According to the court Okey’s family is to be paid compensation for the violation of his right to life. However, the court also decided that allegations of racial discrimination against Okey and claims that effective criminal investigations into public officials were not carried out were inadmissible.
Okey was shot by police officer Cengiz Yıldız while in detention at İstanbul’s Beyoğlu police station in August 2007. Yıldız had claimed that Okey was shot while trying to wrestle his gun from his hand.
The 21st İstanbul Criminal Court sentenced Yıldız to four years, two months in prison for manslaughter in 2011; however, the decision was reversed by the Supreme Court of Appeals. One of the judges of the criminal court had urged that Yıldız be sentenced to 20 years for murder in the first degree.
Yıldız was retried in 2018 and sentenced to six years in prison.
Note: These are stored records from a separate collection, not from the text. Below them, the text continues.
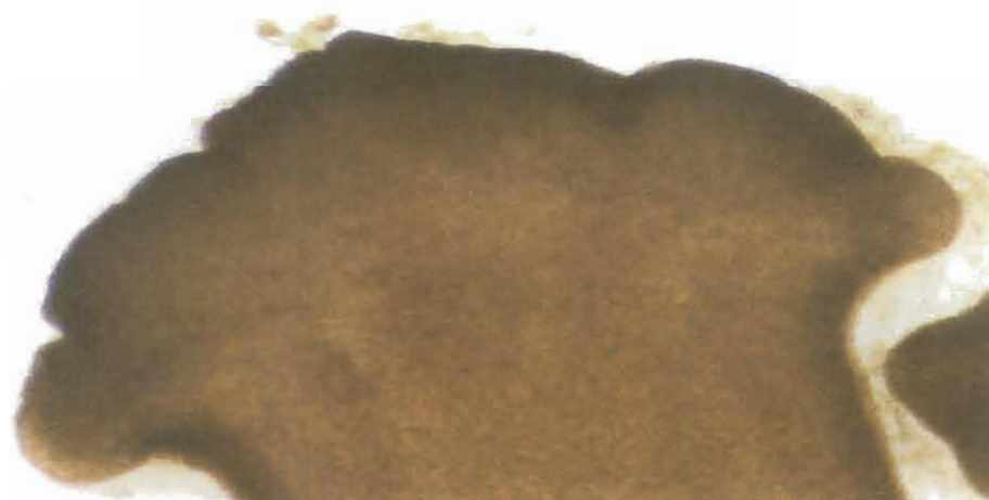
شکل ۴: Caryophyllaeus fimbericeps بزرگنمایی ۱۰×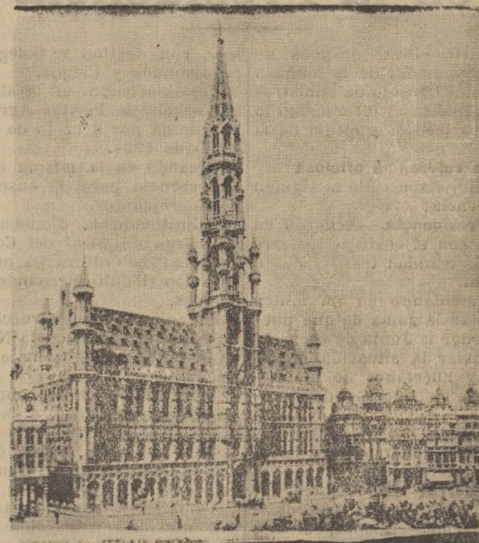
Ayuntamiento de Bruselas

64.000 pesetas para mitigar el hambre trágica del pueblo de Ayamonte, que atraviesa una situación muy difícil desde hace cinco o seis años. Pues bien; al pueblo de Ayamonte, que no puede esperar más tiempo, se le otorga una subvención para efectuar obras en el mismo casco de la población, y, a pesar de haber transcurrido dos meses, no han empezado todavía a realizarse. Por eso yo digo que no es justo que por los retrasos en los libramientos, por dificultades de la burocracia, por el sistema que sigue Hacienda, no se remedie tan aflictiva situación. Lo importante es que los pueblos pasan hambre y no reciben el dinero necesario. Esto debe terminarse o decirse claramente que no se les puede conceder cantidad alguna, ya que así no tendrán esperanza de que llegue a su poder. (Rumores en las tribunas de derecha.—La Presidencia reclama orden.) Sus señorías fueron los primeros en el escamoteo. (Varios señores DIPUTADOS: Damos la razón a S. S.).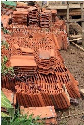
Gambar 5. Kegiatan Survei Material

Pada Rabu, 15 Desember 2021 dilaksanakan kegiatan survei toko material bangunan. Kegiatan ini melibatkan tokoh masyarakat kampung Stamplat serta pemuda Karang Taruna Desa Indragiri. Kegiatan ini dapat dilihat pada Gambar 5.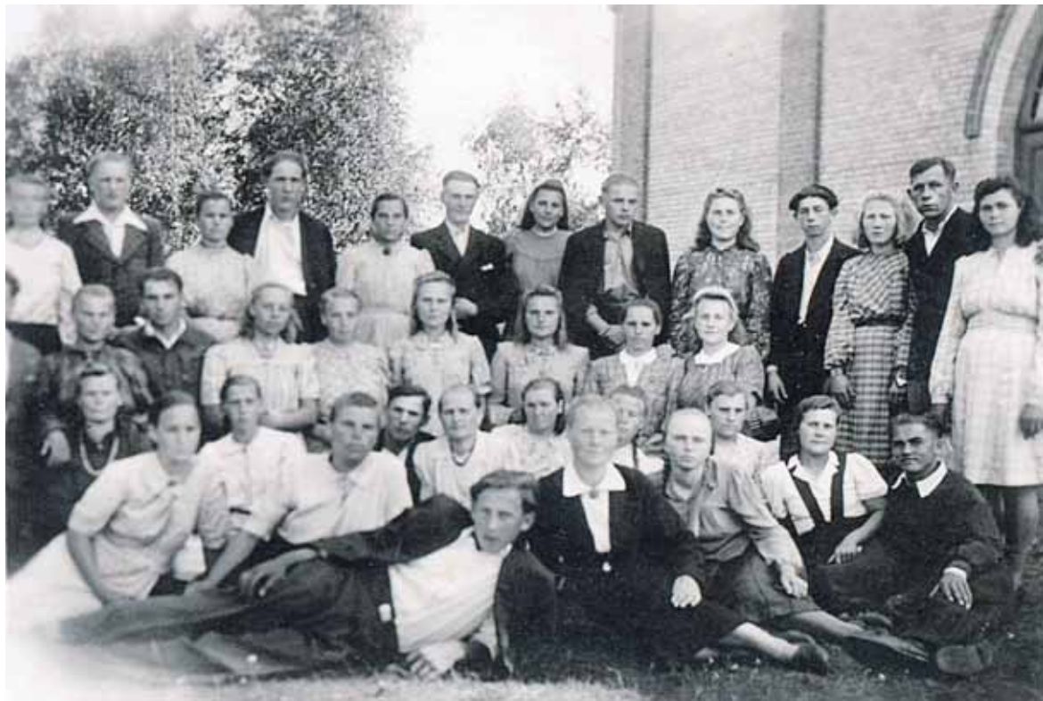
Neravų kaimo jaunimas prie Ratnyčios bažnyčios 1948 m.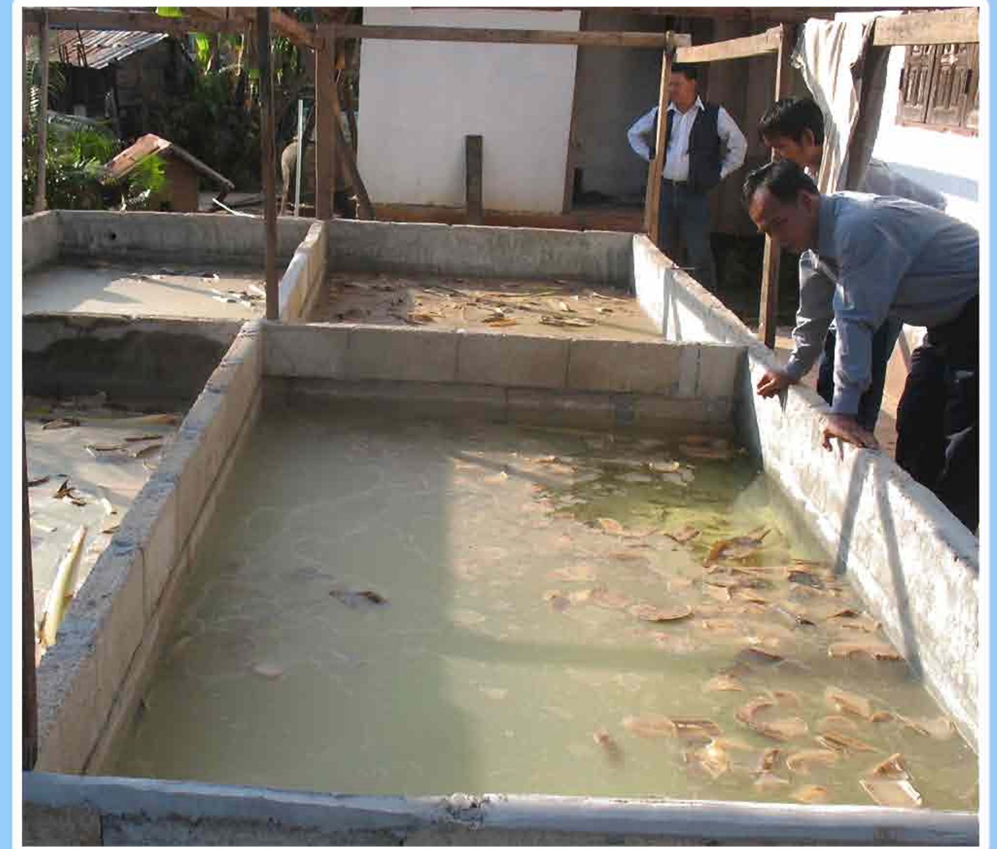
3. ການລ້າງນ້ຳປຸນຊີເມັນ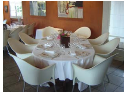
Table ronde diam 1,60 m 8 à 10 personnes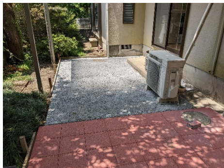
① オワコン入カ転圧

概要：テラス下部の防草土間として オワコン 施工（撒いて踏むだけ） （防草土間：5cm厚）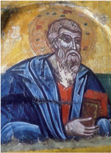
Εικ. 9. Άγιος Πέτρος Αποστολικός.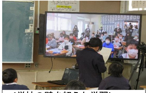
＜学校の壁を超えた学習＞ 交流校や社会科見学先等の遠隔地との交流学习

※ICTとは、通信技術を使って人とインターネット、人と人がつながる技術のことです。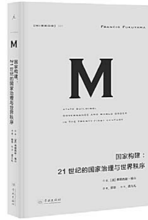
《国家构建》 [美] 弗朗西斯·福山 著 学林出版社

如今司空见惯的瓷器，历史上却是连接中西世界的强大媒介。《白瓷之路：穿越东西方的朝圣之旅》通过瓷器自中国传入欧洲数百年间发展演变的恢弘历史，讲述了独一无二近代中西文明交流的史诗故事。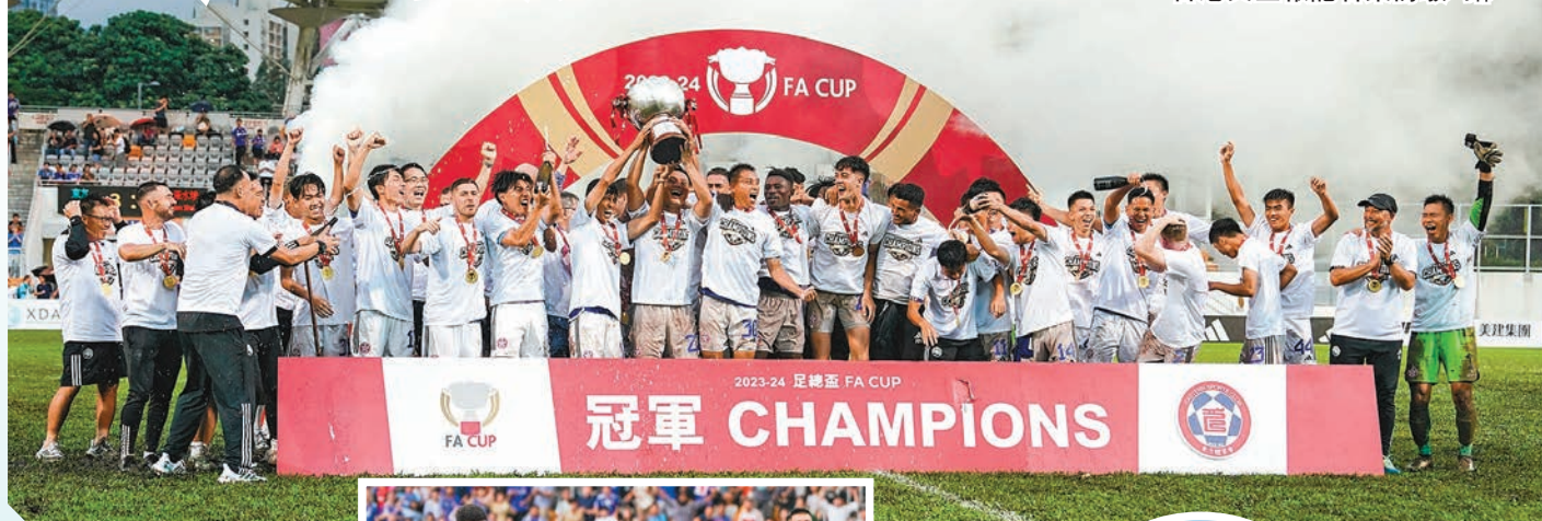
◆東方成為本屆足總盃最終王者。

足總盃決賽昨日在旺角大球場上演，由東方對深水埗，最終東方憑高素巴耶夫建功及巴科爾梅開二度，以3：2險勝深水埗，相隔4年再奪足總盃冠軍。而足總主席霍啟山賽後向傳媒透露，東方主教練盧比度將在未來兩場世界盃外圍賽出任港足助教。 ◆香港文匯報記者 張發兒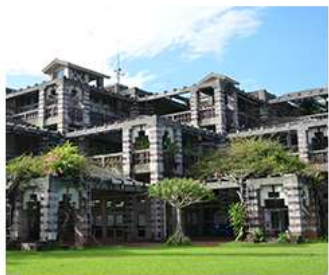
名護市役所マップ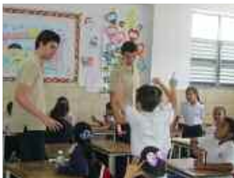
Estudiantes del IB del "Moral y Luces" fungen como profesores durante un día

Las actividades que realiza CAS a través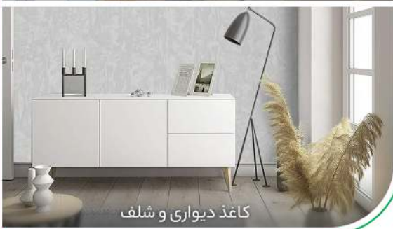
کاغذ دیواری و شلف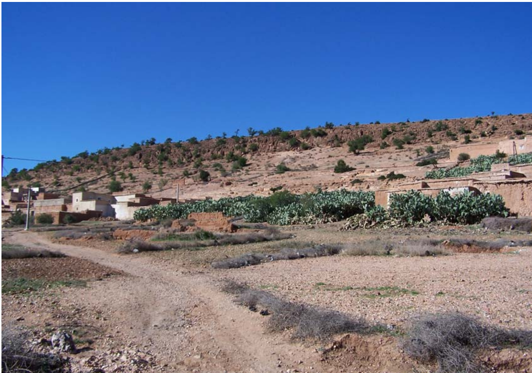
Paysage de la région et chantier de reboisement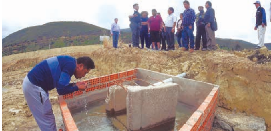
La inspección de vecinos del sur a los ingresos de agua en la laguna Alalay. CARLOS LÓPEZ

Escanee este QR para ver la inspección de los vecinos www.lostiempos.com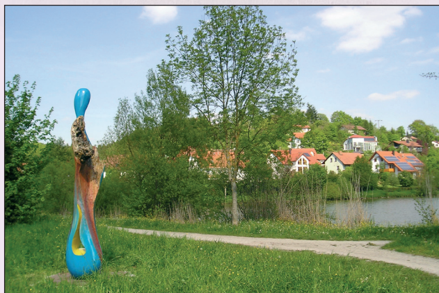
„Eichentropfen“ am Ufer des schön gelegenen Landschaftssees, der dem Oasenweg angegliedert ist.

Allen Förderern des Weges und der Stationen sei herzlich gedankt.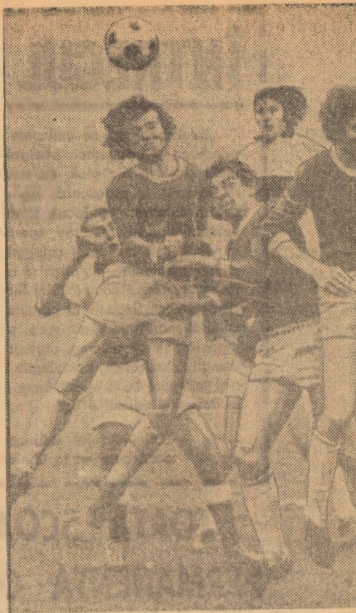
Un trio de fundași sătmăreni a alcătuit parcaștarului Bathori I. Fază din meciul Sportul studentesc — Cluj-Napoca, joi, în Capitală. Putat astă-toamnă în Capitală.

● JUUL — POLITEHNICA IASI. Formația din Petroșani a efectuat antrenamente zilnice. Joi, un joc cu divizionara C. Minerul Lupeni (arbitrat de antrenorul Ion Ionescu și, deseori, întrecut de fluierul acestuia, pentru repetarea unor faze) a însemnat și definitivarea forma-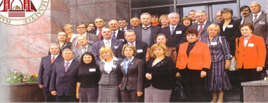
Встреча руководителей архивных служб и архивных учреждений России, Беларуси, Украины в г. Санкт-Петербурге. 2008 г.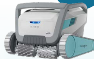
ROBOT NETTOYEUR ACTIVE 60 / ACTIVE 60 POOL CLEANER Code : 40067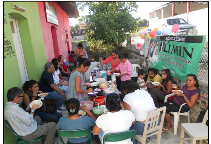
El Túmin, una suma de pequeños esfuerzos y voluntades.

El miércoles 26 de octubre fueron llegando alrededor de 40 compañeros y amigos del Mercado Alternativo a la Casa del Túmin, para celebrar un año de este proyecto de Economía Solidaria y Autogestión. Ahí compartimos alimentos y festejamos nuestros logros, llegando a ser más de 100 socios.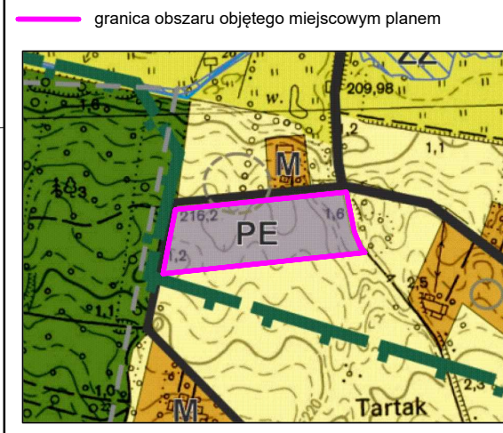
Wyrys ze Studium uwarunkowań i kierunków zagospodarowania przestrzennego Gminy Wojsławice przyjętego uchwałą Nr XXXVIII/200/22 Rady Gminy Wojsławice z dnia 26 kwietnia 2022 roku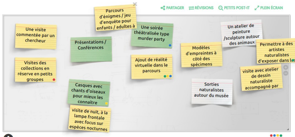
Figure 2: Mur de post-its du focus-groupe "spécialistes", avec l'outil de post-its en ligne Colibri ( https://postit.colibris-outilslibres.org )

L'implication et les connaissances des participants liées aux sciences du vivant a justifié de les réunir autour de ce statut de « spécialistes », bien qu'ils n'adhèrent pas forcément au terme, auquel ils préfèrent celui « d'enthousiastes ». Pour Participant B-7, cette implication particulière fait surtout d'eux des « super-motivés ».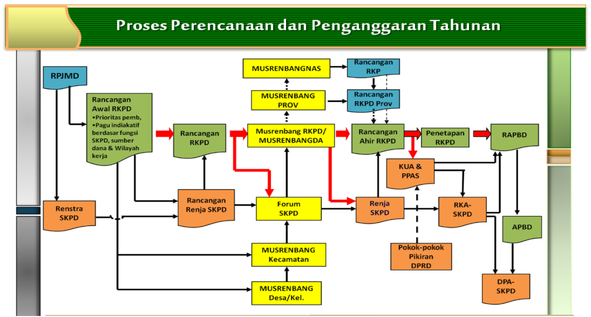
Gambar 1.1 Hubungan Renja Perangkat Daerah dengan Dokumen Perencanaan Lainnya

Renja Perangkat Daerah merupakan dokumen perencanaan Perangkat Daerah untuk periode satu tahun. Renja Perangkat Daerah menjadi pedoman Perangkat Daerah dalam Menyusun RKA Perangkat Daerah. Proses penyusunan Renja Perangkat Daerah dilakukan secara simultan dan sifatnya saling memberi masukan dengan proses penyusunan RKPD. Secara lebih rinci, hubungan Renja Perangkat Daerah dengan dokumen perencanaan lainnya dapat dilihat pada gambar 1.1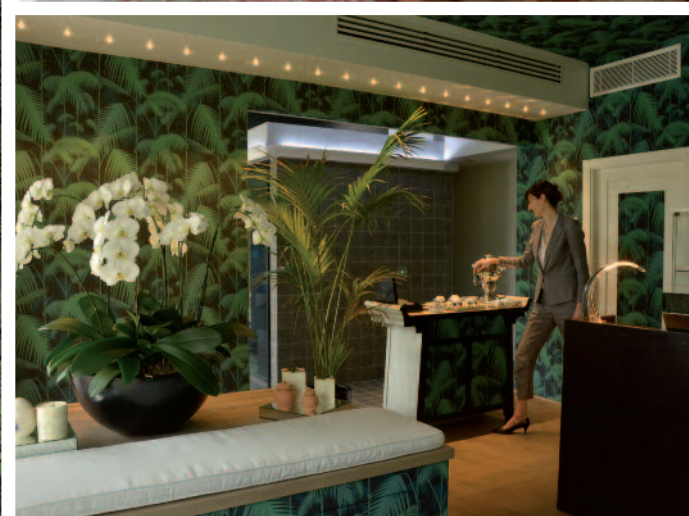
Anche quest'anno l'Augustus Hotel & Resort, a Forte dei Marmi, in Versilia, è tappa di circuiti per appassionati di auto come Terre di Canossa, dal 14 al 17 aprile, il Modena 100 Ore dal 7 al 12 giugno

In the meantime, Okey’s family and lawyers made a separate appeal to the Constitutional Court claiming Okey’s death was related to racial discrimination and that the investigation had not been carried out effectively.
According to a report prepared by Human Rights Watch (HRW) in 2008, shortly after the death of Okey, the case was littered with contradictions and irregularities. “… the conduct of the police demonstrates such serious failings in following basic investigative procedures and preservation of evidence as to compel a conclusion that there was a concerted attempt to cover up the incident ….”
The prosecutor had been called to the crime scene three hours after the fatal shooting took place, and the policeman who was appointed to investigate the case was the same policeman who had been involved in the shooting.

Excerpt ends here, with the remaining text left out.